Although Motif 1.2 supports multiple entry font lists containing both fonts and font sets, Motif does not supply a String-to- XmString converter that understands font list tags or direction information. Builder Xcessory provides such a converter in the bxutils file. This converter is installed in your application by a call to RegisterBxConverters(). The converter supports a special textual representation of all the information encoded in a compound string: font tag, direction, etc. This allows you to quickly create multifont and multidirectional strings and use them with the Motif widget set, even though they are not supported in Motif 1.2. This code is completely portable and OS independent.

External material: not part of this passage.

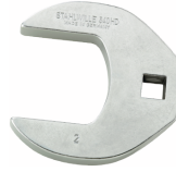
02501060 CROW-FOOT spanner heavy-duty, inch

Generating Localized Files
The following sections discuss the generation of files for an internationalized application. Static and dynamic output are considered for both UIL and C/C++ generation. In static output, strings are created when the source code is generated. In dynamic output, strings are incorporated at run time by reference to a separate source.
Static and dynamic output are handled in the same manner when generating UIL. Typically, App-defaults files are not used. Instead, the application maintains a list of messages in a separate UIL file for each locale. When the application is built, the appropriate UIL is compiled into a UID and then used.
When generating C/C++, save Strings and XmStrings, as well as other locale-specific information such as fonts and colors, in app-defaults. To do this, you can take advantage of the X environment variables XFILESEARCHPATH andXUSERFILESEARCHPATH.
If you plan to use C or C++ instead of UIL to handle string output, write your application so that dynamic output uses a message catalog. A message catalog is a method for storing and fetching strings to/from external sources.
3. Use the DBM string fetching routines, passing the tag string and a default message string as parameters. If the lookup of the message catalog yields no match for the tag string, display the default message string.